This is a list of drivers with nationalities from Asian countries to compete in at least one NASCAR event in its top three national series (Cup, NOAPS, Truck).

The first Asian driver to compete in a NASCAR national series event was Toshio Suzuki, when he competed in one 1996 Busch Series race. The first Asian driver to compete in NASCAR's top series (Cup Series) was Hideo Fukuyama at the 2002 MBNA Platinum 400 at Dover Motor Speedway. Shigeaki Hattori, the third Asian driver to race in a national series event, later went on to become a team owner at Hattori Racing Enterprises, which would win the 2018 NASCAR Camping World Truck Series championship. Narain Karthikeyan was the first Indian driver to compete in a national series, who competed part time in the 2010 NASCAR Camping World Truck Series season between stints in Formula One.

Kyle Larson, the 2021 and 2025 NASCAR Cup Series champion and winner of 32 NASCAR Cup races, is a Japanese American.

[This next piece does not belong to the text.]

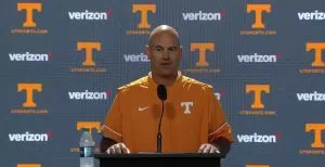 Vols head coach Jeremy Pruitt talked with the media at his fall practice opening press conference, Thursday, August 2. Vols HC Jeremy Pruitt / Credit: UT Athletics
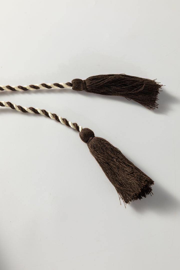 Tassel tie detailing provides playful movement and bohemian-inspired flair.

In 2016, Ryan Ellis became the first Japanese American to race in a Toyota manufactured Cup series car, which is a Japan-based company and only current foreign NASCAR manufacturer.

==Active drivers==

=== Active drivers from Asian countries ===
These drivers have competed in at least one NCS, NOAPS, or NCTS event in 2025. Statistics accurate as of July 14, 2026.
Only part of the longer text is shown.